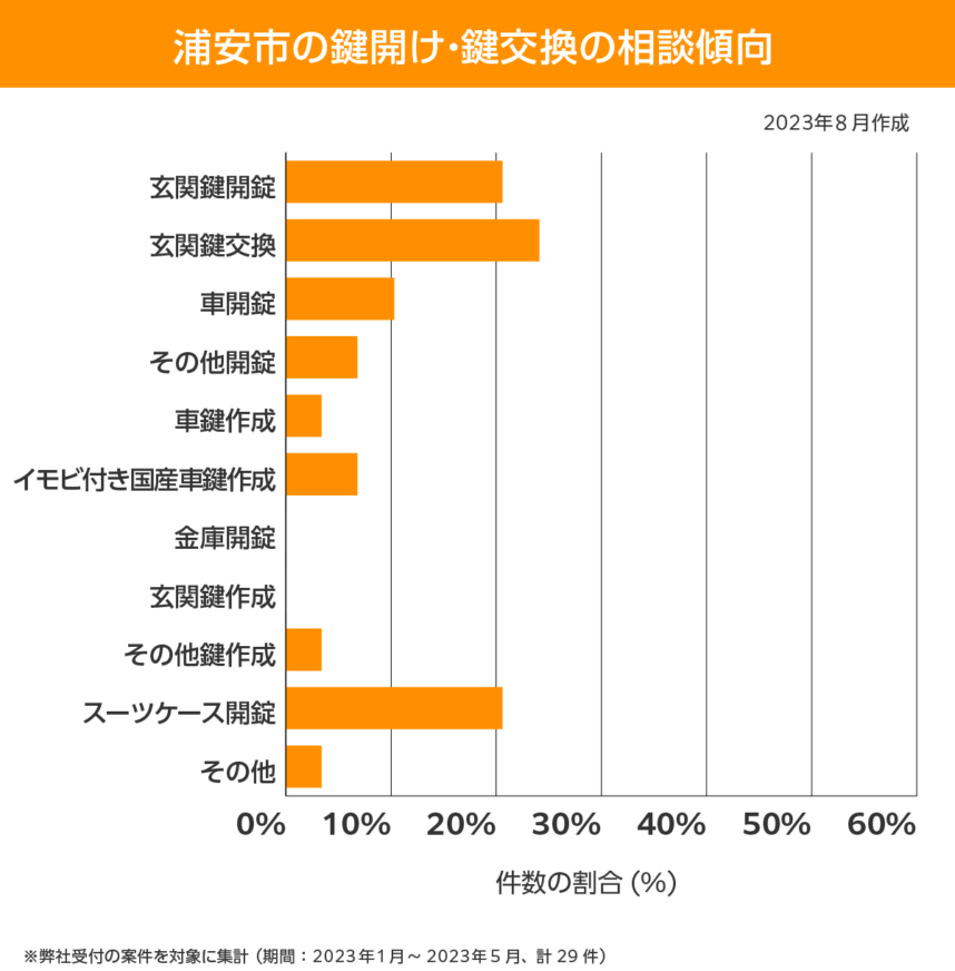 浦安市では、実際はどのような鍵トラブルが多いのでしょうか。
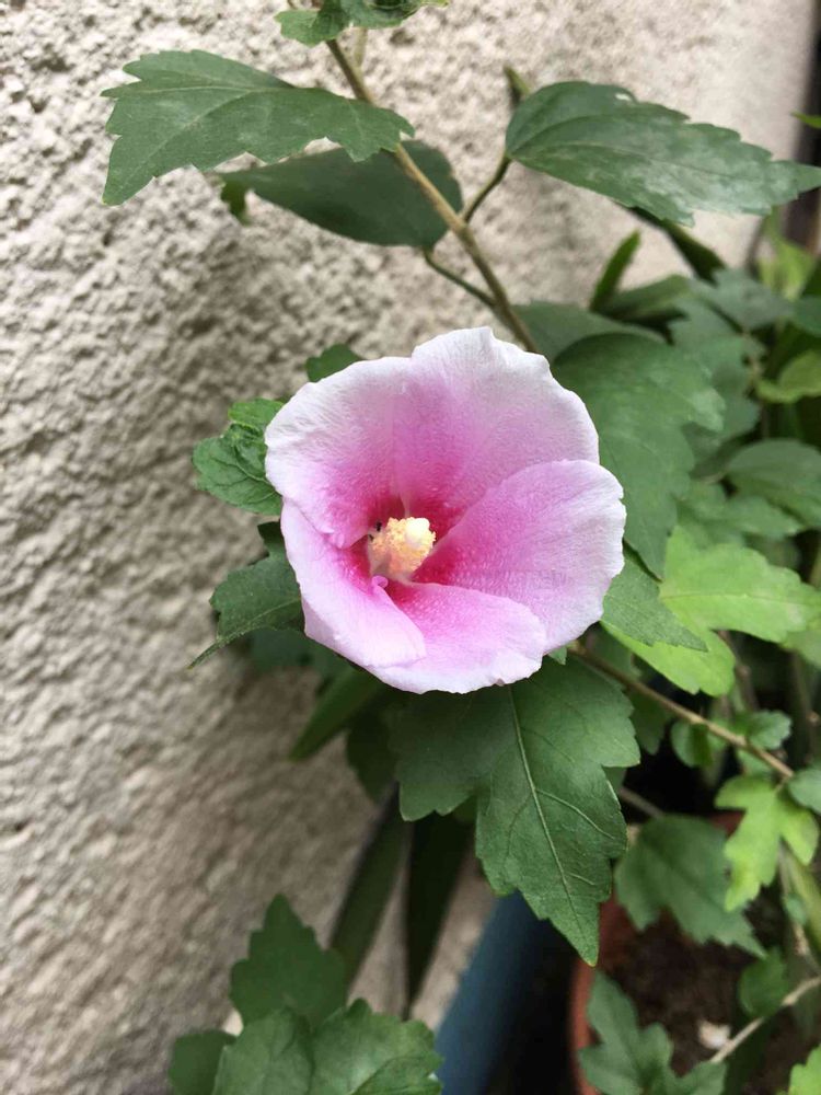 ものすごく久々の投稿。背丈が高くなりすぎ、知人があまりに大胆にノコギリで切ってしまったムクゲが、3年経って花を咲かせました。太い幹からひこばえが出て、そこから。生命力に驚きです。
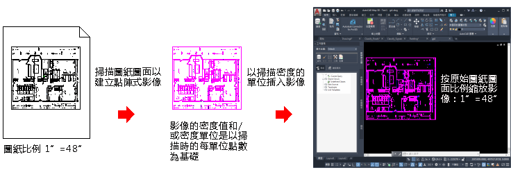 以下範例中的影像是按照 1" = 48" 的圖紙比例繪製、以每英吋 300 個點掃瞄,然後使用 300 作為密度值、「英吋」作為密度單位插入圖面的。然後,根據 1" = 48" 的圖紙比例調整它的比例。

━━━━━━

▶ **WHAT TO PRODUCE**
Your task is to repeat the listing exactly while omitting its pictures.

▶ **YOUR RESPONSE**
 浦安市では、実際はどのような鍵トラブルが多いのでしょうか。
 ものすごく久々の投稿。背丈が高くなりすぎ、知人があまりに大胆にノコギリで切ってしまったムクゲが、3年経って花を咲かせました。太い幹からひこばえが出て、そこから。生命力に驚きです。
 以下範例中的影像是按照 1" = 48" 的圖紙比例繪製、以每英吋 300 個點掃瞄,然後使用 300 作為密度值、「英吋」作為密度單位插入圖面的。然後,根據 1" = 48" 的圖紙比例調整它的比例。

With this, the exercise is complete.